But the there is another important issue -- the cloud on the horizon alluded to above -- that may interfere with the push toward deficit reduction and may swing policy toward progressive ideas.

Recent academic research has bad news for working class households hoping for improved job prospects as the economy recovers. In the last three recoveries, job growth has lagged GDP growth, and many jobs lost during a recession never return. The evidence suggests that firms use recessions to let workers go, and instead of rehiring them when the economy improves, the company replaces those workers with machines. Jobs that involve routine tasks are particularly vulnerable, and this recession is no exception. Humans are being replaced by machines in large numbers, and the old jobs are not coming back. Thus, we are unlikley to see a reversal in this disturbing trend: An increasing job polarization into low and high-paying occupations, with a declining middle. Workers will struggle to find new jobs, and if they can find a job at all it is likely to be at reduced wages and benefits.

If unemployment does, in fact, remain persistently high -- even higher than expected given that recoveries from financial panics are generally slow -- there will be more and more calls for the administration and Congress to address the problem. One possibility for addressing persistently high unemployment, for example, is to initiate a large-scale program to repair neglected infrastructure and infrastructure damaged in recent natural disasters, and to make us less vulnerable in general to events such as hurricanes. Another possibility would be to help working class households struggling with their debt load, particularly relief for households having a hard time making mortgage payments. That would help households get back on their feet faster and speed the return to normal levels of spending, and the extra spending would boost the economy and employment. A third policy, one that would also help the unemployment problem by creating additional spending, would be a payroll tax cut for working class households. A fourth option is direct job creation -- creating government jobs for those who need work -- but infrastructure construction is a better and more politically palatable option.

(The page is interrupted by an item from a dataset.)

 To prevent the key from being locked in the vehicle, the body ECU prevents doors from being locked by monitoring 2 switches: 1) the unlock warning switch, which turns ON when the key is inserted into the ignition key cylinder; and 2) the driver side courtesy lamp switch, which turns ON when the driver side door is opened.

All of these options will require additional spending or tax cuts, and that will make them a difficult sell politically. There's a good chance that these options will remain as out of reach as they were during the latter part of Obama's first term when Republicans blocked attempts to do more to help employment recover. 

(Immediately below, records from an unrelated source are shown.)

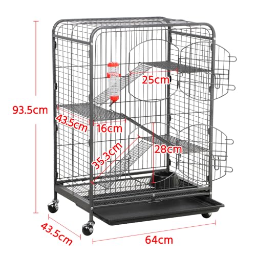 Measures 64 cm L x 44 cm W x 94 cm H, offering extra-large horizontal and vertical space across four tiers suitable for housing several small animals.
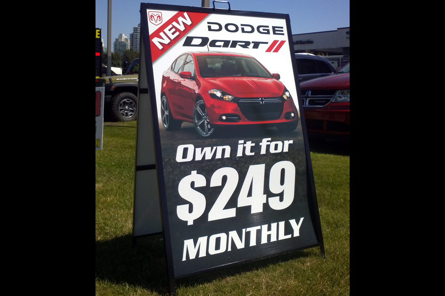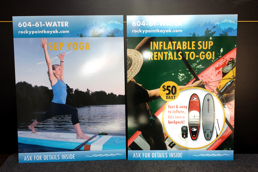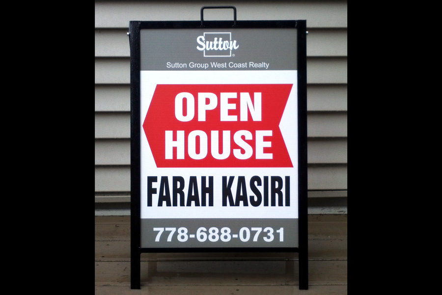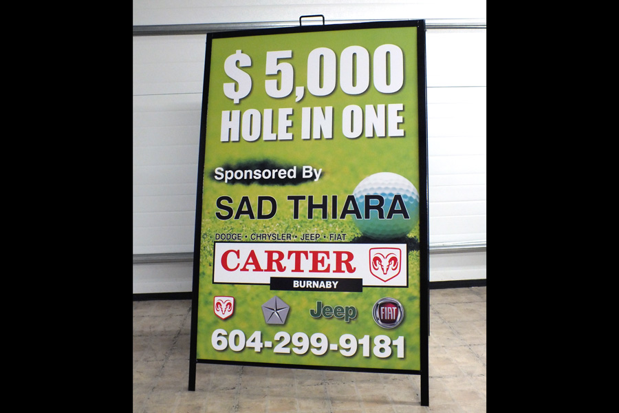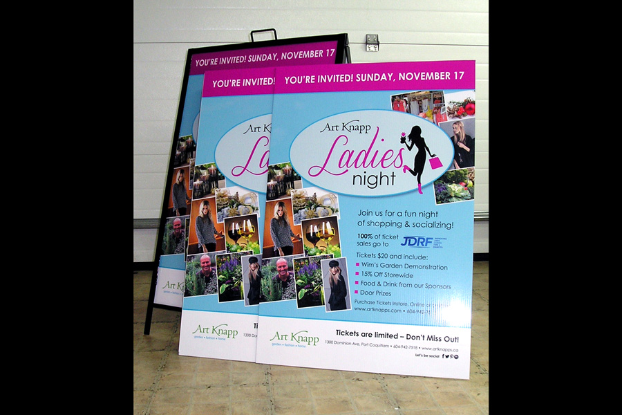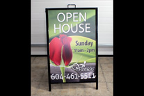 32" x 48" A Frame with coroplast inserts, digital printed, gloss lamin.
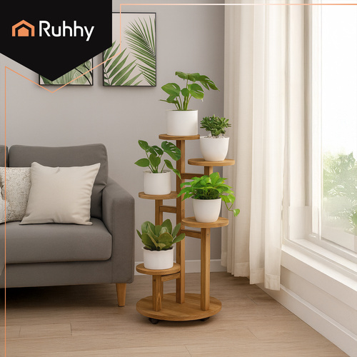 Stylowy i funkcjonalny kwietnik RUHHY z naturalnego drewna sosnowego pomieści, aż 7 doniczek na 6 poziomach. Idealny do salonu, na balkon lub taras – zapewnia efektowną ekspozycję roślin, oszczędność miejsca i łatwość w aranżacji. Dzięki kółkom z blokadą łatwo go przestawisz, gdzie tylko zechcesz.

But Hurricane Sandy may have changed some minds about the necessity of investing in infrastructure, and if unemployment does remain intolerably high, that will also increase the demand for action. If it appears the public believes dealing with the unemployment problem is more important than deficit reduction, and the sentiment is widely shared, politicians are likely to delay deficit reduction and acquiesce. So there's at least a chance that there could be more spending on infrastructure even if it slows longer-run deficit reduction.

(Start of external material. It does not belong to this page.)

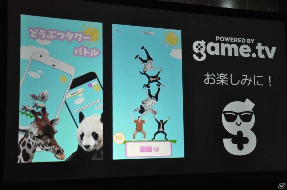 また、モバイルゲーム「どうぶつタワーバトル」と、ゲーム実況者の加藤純一さんのコラボレーションとして、「加藤純一タワーバトル 信者衛門杯 powered by Game.tv」の開催も発表。この大会では通常降ってくる「どうぶつ」が加藤純一さんになるというスペシャルなタワーバトルが楽しめる。上位プレイヤーには賞品もおくられる予定だ。
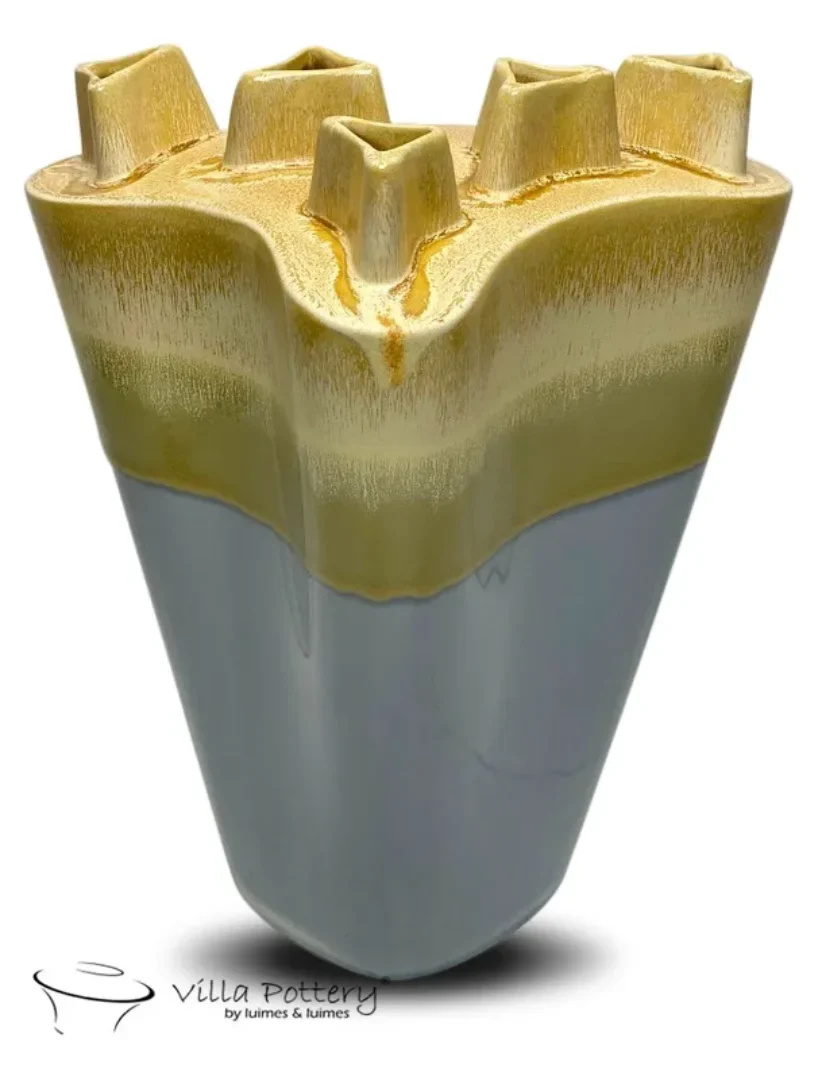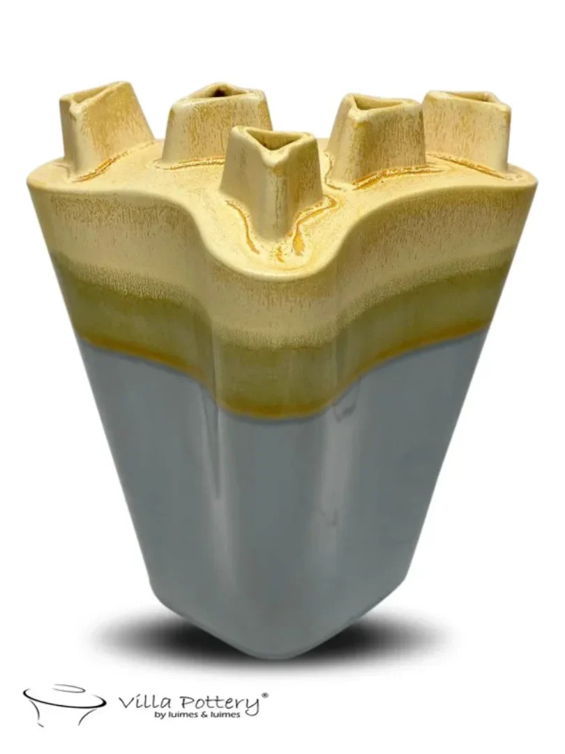 De geel grijs kleurige vazen in de lijn Chimney hebben een strak uiterlijk en valt op door de scherpe lijnen. Wanneer men deze zogenaamde tulpenvaas ziet, weet men waar de naam Chimney vandaan komt. Door de strakke buitenkant met zijn verfijnde kleur is de vaas een echte blikvanger. De kwaliteit van de vaas en de hoge afwerkingsgraad maken de vaas onmisbaar voor elk interieur.

And that may not be such a bad idea. Many economists argue that we need to give more help to the economy in the short-run, and deal with the longer run deficit problem when the economy is on better footing. Economists also argue that with interest rates and labor costs at rock-bottom levels, and with our needs for infrastructure as high as they are, the benefits of additional infrastructure exceed the cost. The politics may continue to stand in the way even if employment remains a problem, but there is certainly an economic case for additional infrastructure spending.